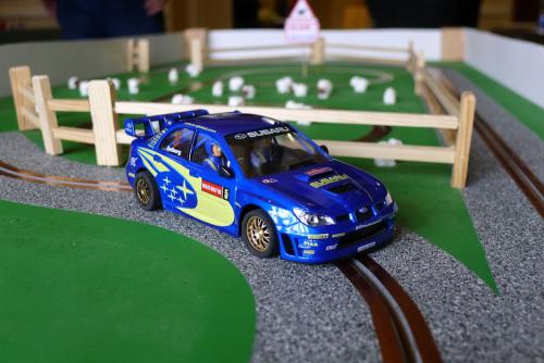 My SCX Suzuki was fun through the stage and the Ninco Porsche pretty quick. However, I had a disaster with the Subaru - a front wheel shed early and the rest of the axle following a lap or two late. Thankfully Mike had packed some superglue.
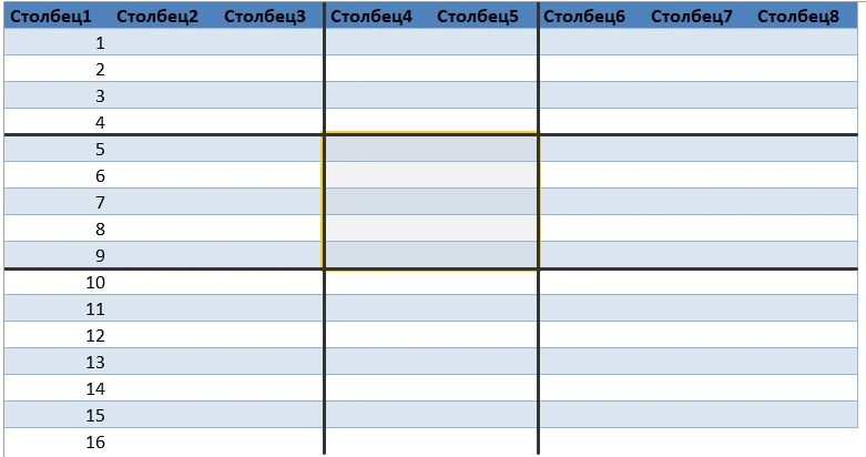 // Изначально для колонок идущих правее последней колонки (т.е. с номером больше, чем ШиринаТаблицы) Границы не отображаются.
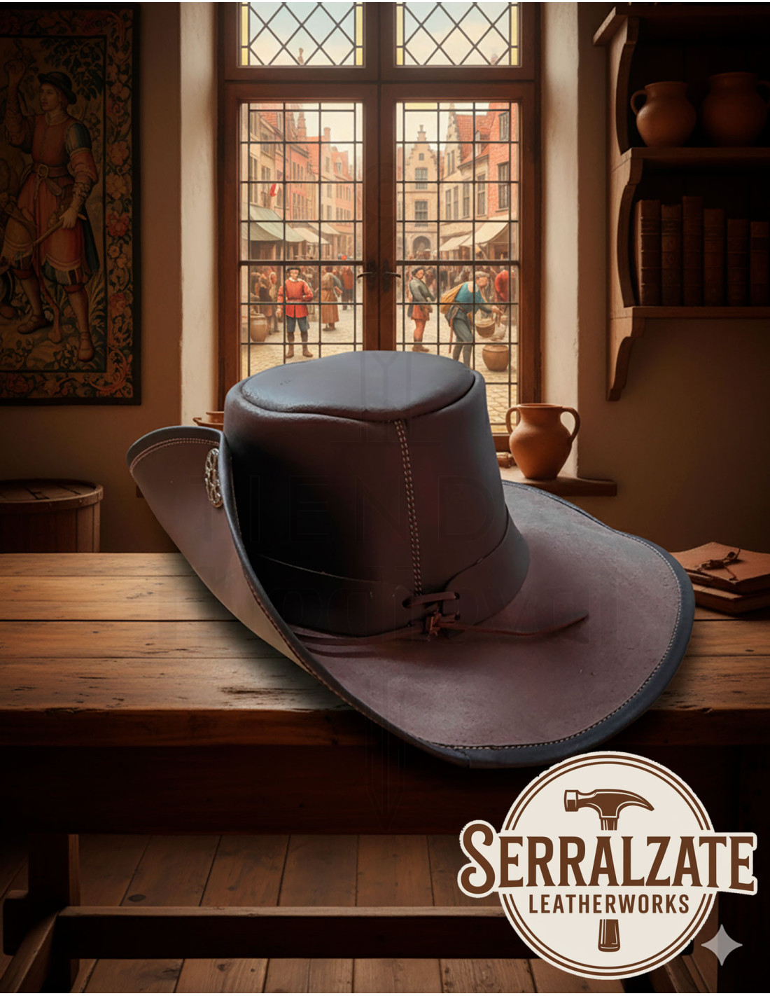 Sorgfältig in Spanien gefertigt, garantiert der Flandres-Hut Langlebigkeit und eine überlegene Qualität, die ihn hervorhebt. Das weiche Leder sorgt für außergewöhnlichen Komfort und passt sich angenehm und leicht an. Tragen Sie diesen Hut, um jedem mittelalterlichen oder historischen Outfit eine elegante und mutige Note zu verleihen.
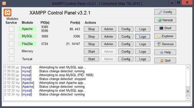 El XAMPP Control Panel v3.2.1 (para el servidor y base de datos) que incluye los siguientes programas:
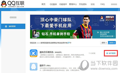 2.此时将打开,切换到授权管理选项卡,点击酷狗音乐播放器右侧的授权管理按钮。
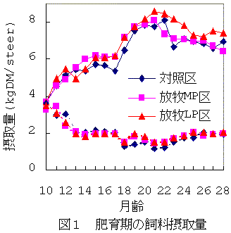 2)−1 肥育期間における乾物摂取量は、放牧した区の方が対照区より高く推移する傾向に
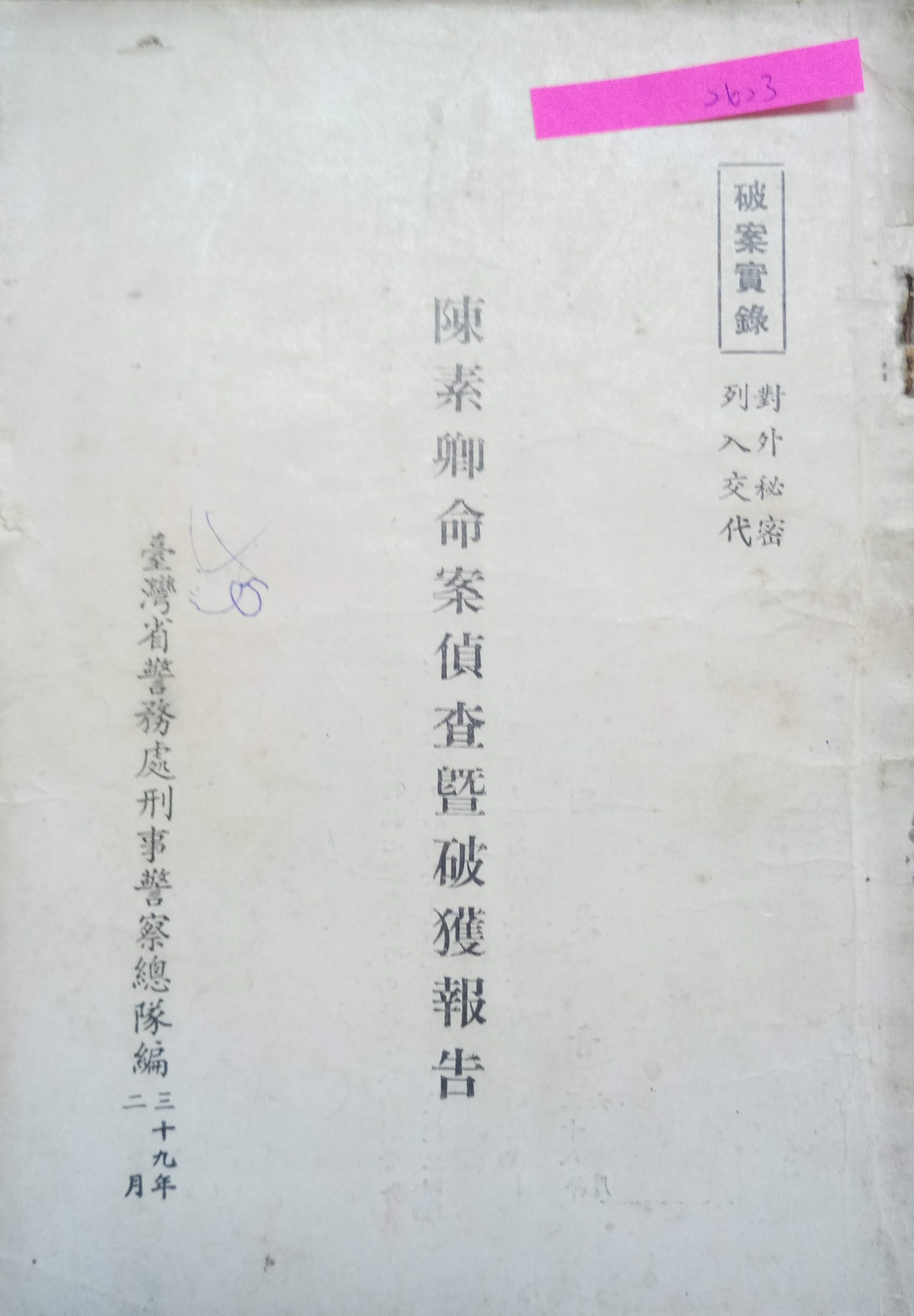 圖片為陳素卿命案偵查報告書影,成書日期為1950年2月,臺灣省警務處刑事警察總隊編,出處不明,攝影者未知,CC BY-SA 3.0,建立於:2019年12月05日。
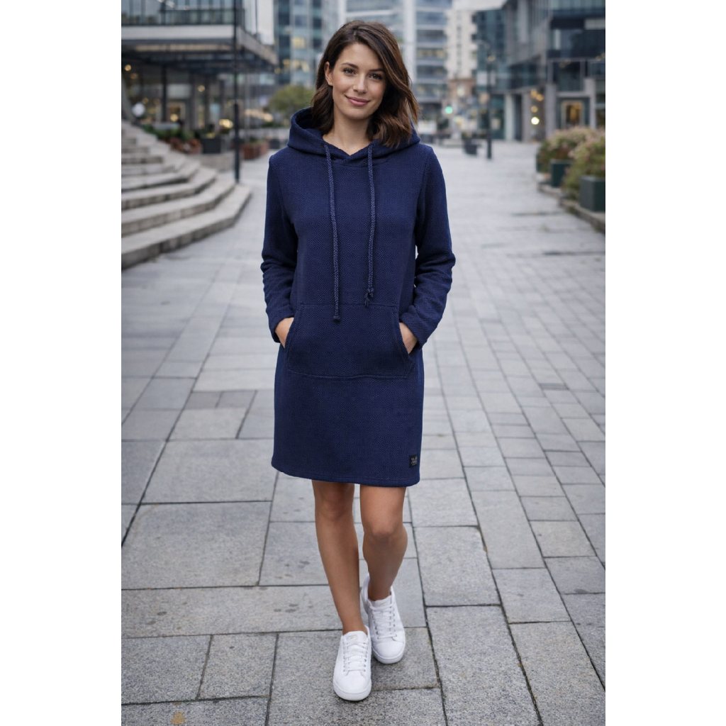 Pohodlné mikinošaty s kapucí a klokankou z elastické pleteniny s krásným 3D efektem na lícové straně.
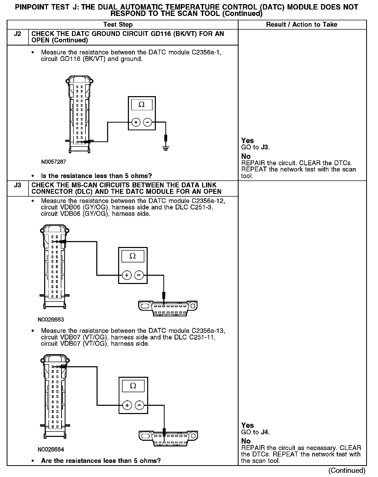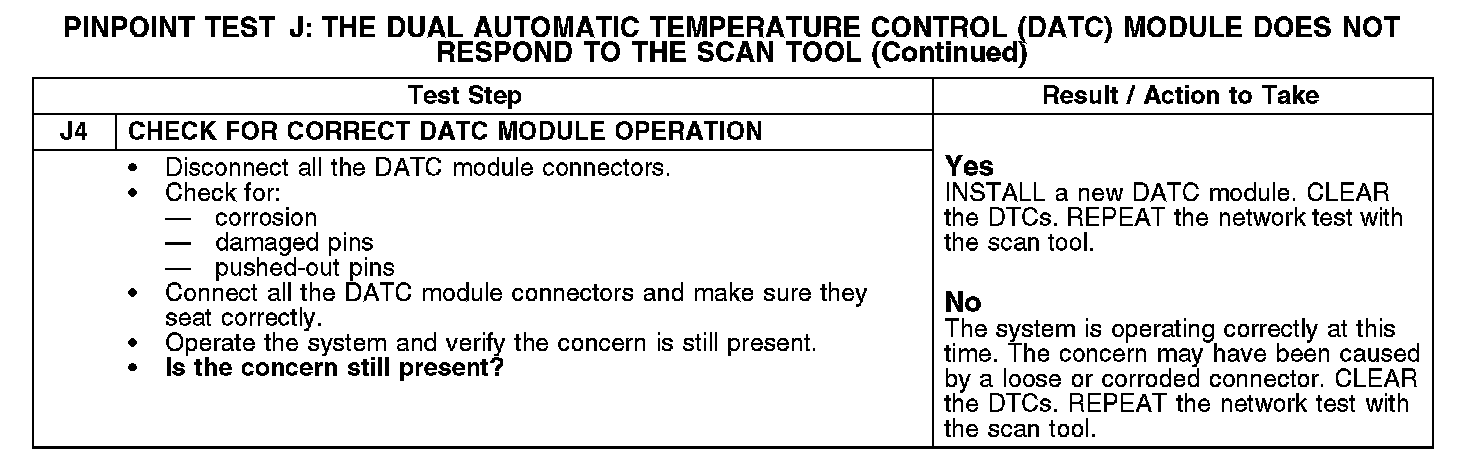 PINPOINT TEST J: THE DUAL AUTOMATIC TEMPERATURE CONTROL (DATC) MODULE DOES NOT RESPOND TO THE SCAN TOOLJ1-J2:
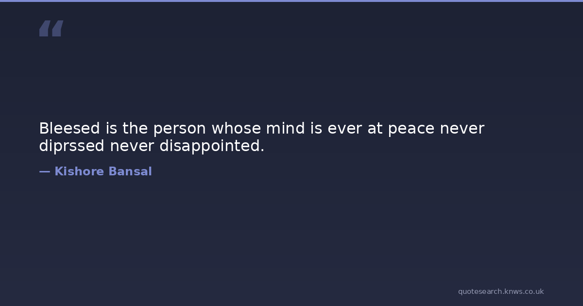 Bleesed is the person whose mind is ever at peace never diprssed never disappointed.
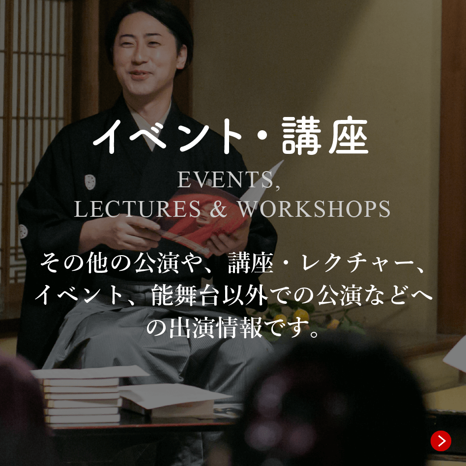 能楽をより身近なものとして体験していただくため、様々なご依頼を承っております。各種イベントや記念式典への出張公演をはじめ、学校教育の現場におけるワークショップ、企業様向けのビジネス講座など、ご要望に合わせたプログラムをご提案いたします。日本の伝統が息づく特別な時間を、皆様の様々なシーンにお届けします。どうぞお気軽にご相談ください。
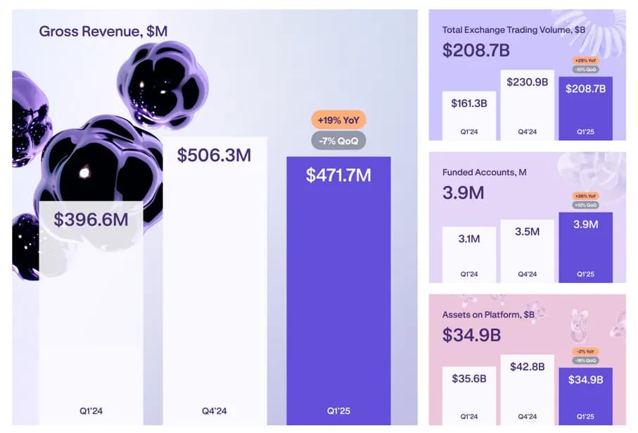 درآمد ۴۷۱.۷ میلیون دلاری Kraken در فصل اول رشدی ۱۹٪ نسبت به فصل مشابه سال قبل داشت، اما نسبت به فصل چهارم ۲۰۲۴ افت ۶.۸٪ را نشان میدهد. حجم معاملات صرافی در این دوره با ۹.۶٪ کاهش به ۲۰۸.۷ میلیارد دلار و ارزش داراییهای نگهداریشده با ۱۸٪ کاهش به ۳۴.۹ میلیارد دلار رسید.
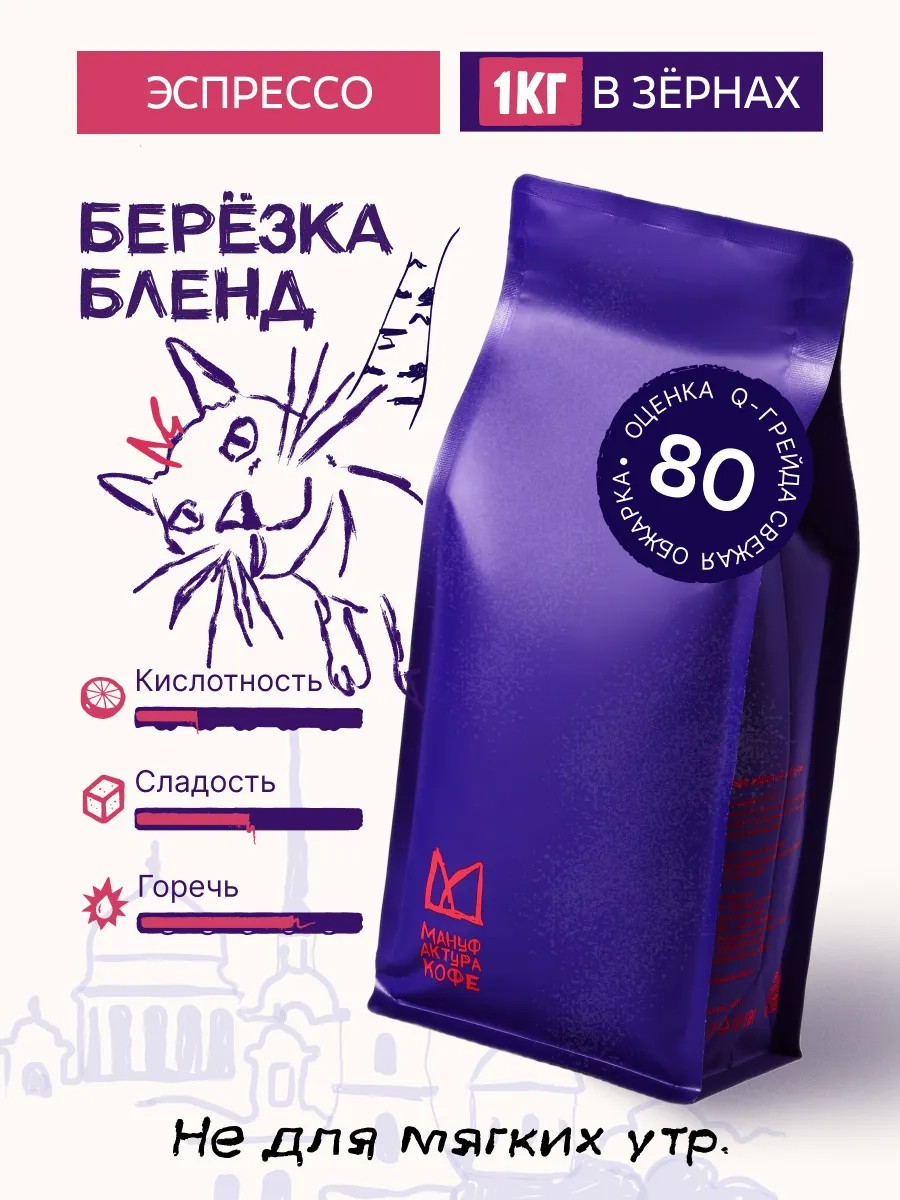 Мануфактура Кофе Кофе в зернах Берёзка бленд 1 кг смесь арабики и робусты
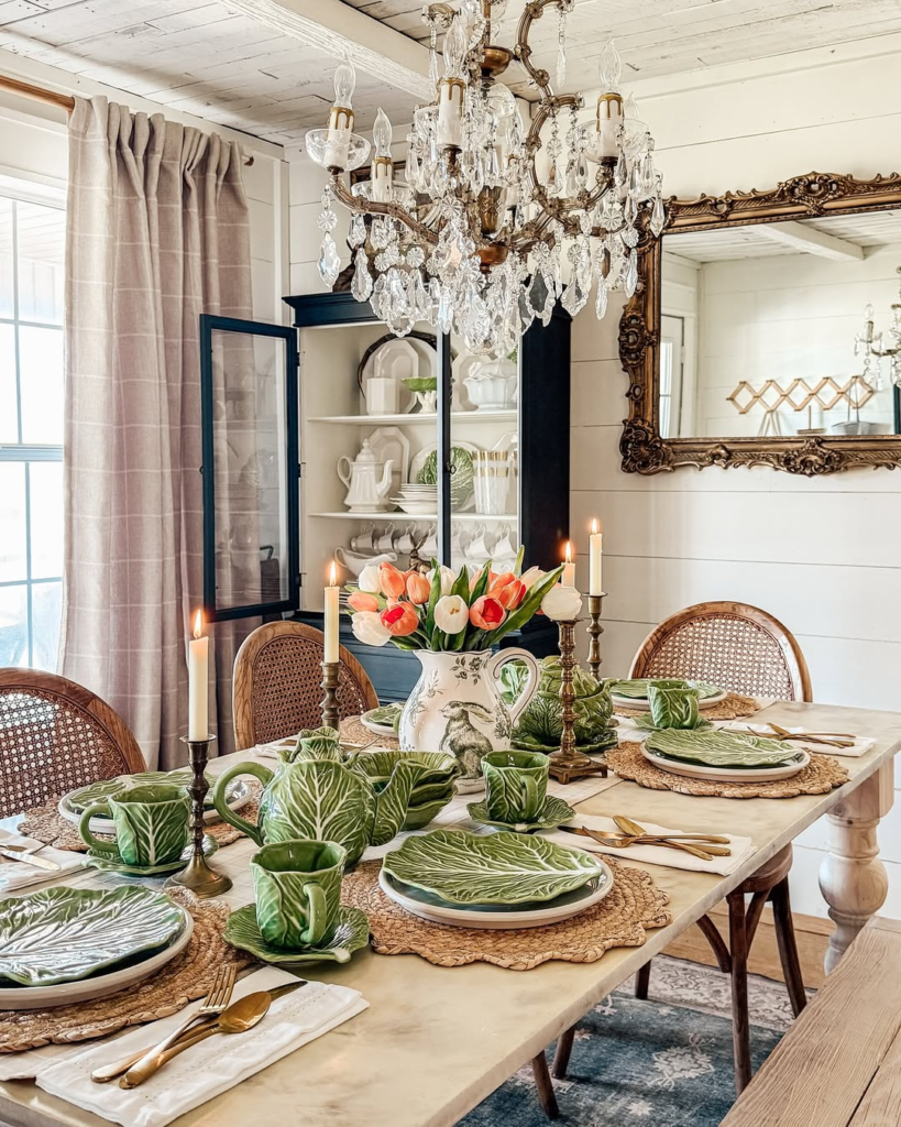 The result is a joyful, inviting tablescape perfect for a spring gathering, balancing farmhouse charm with imaginative styling.
☆ ☆ ☆
| Task details |
Output exactly, and with no pictures, the lines from the line that holds "Sorgfältig in Spanien" through the last line of the listing above.

| Problem solution |
 Sorgfältig in Spanien gefertigt, garantiert der Flandres-Hut Langlebigkeit und eine überlegene Qualität, die ihn hervorhebt. Das weiche Leder sorgt für außergewöhnlichen Komfort und passt sich angenehm und leicht an. Tragen Sie diesen Hut, um jedem mittelalterlichen oder historischen Outfit eine elegante und mutige Note zu verleihen.
 El XAMPP Control Panel v3.2.1 (para el servidor y base de datos) que incluye los siguientes programas:
 2.此时将打开,切换到授权管理选项卡,点击酷狗音乐播放器右侧的授权管理按钮。
 2)−1 肥育期間における乾物摂取量は、放牧した区の方が対照区より高く推移する傾向に
 圖片為陳素卿命案偵查報告書影,成書日期為1950年2月,臺灣省警務處刑事警察總隊編,出處不明,攝影者未知,CC BY-SA 3.0,建立於:2019年12月05日。
 Pohodlné mikinošaty s kapucí a klokankou z elastické pleteniny s krásným 3D efektem na lícové straně.
 PINPOINT TEST J: THE DUAL AUTOMATIC TEMPERATURE CONTROL (DATC) MODULE DOES NOT RESPOND TO THE SCAN TOOLJ1-J2:
 Bleesed is the person whose mind is ever at peace never diprssed never disappointed.
 能楽をより身近なものとして体験していただくため、様々なご依頼を承っております。各種イベントや記念式典への出張公演をはじめ、学校教育の現場におけるワークショップ、企業様向けのビジネス講座など、ご要望に合わせたプログラムをご提案いたします。日本の伝統が息づく特別な時間を、皆様の様々なシーンにお届けします。どうぞお気軽にご相談ください。
 درآمد ۴۷۱.۷ میلیون دلاری Kraken در فصل اول رشدی ۱۹٪ نسبت به فصل مشابه سال قبل داشت، اما نسبت به فصل چهارم ۲۰۲۴ افت ۶.۸٪ را نشان میدهد. حجم معاملات صرافی در این دوره با ۹.۶٪ کاهش به ۲۰۸.۷ میلیارد دلار و ارزش داراییهای نگهداریشده با ۱۸٪ کاهش به ۳۴.۹ میلیارد دلار رسید.
 Мануфактура Кофе Кофе в зернах Берёзка бленд 1 кг смесь арабики и робусты
 The result is a joyful, inviting tablescape perfect for a spring gathering, balancing farmhouse charm with imaginative styling.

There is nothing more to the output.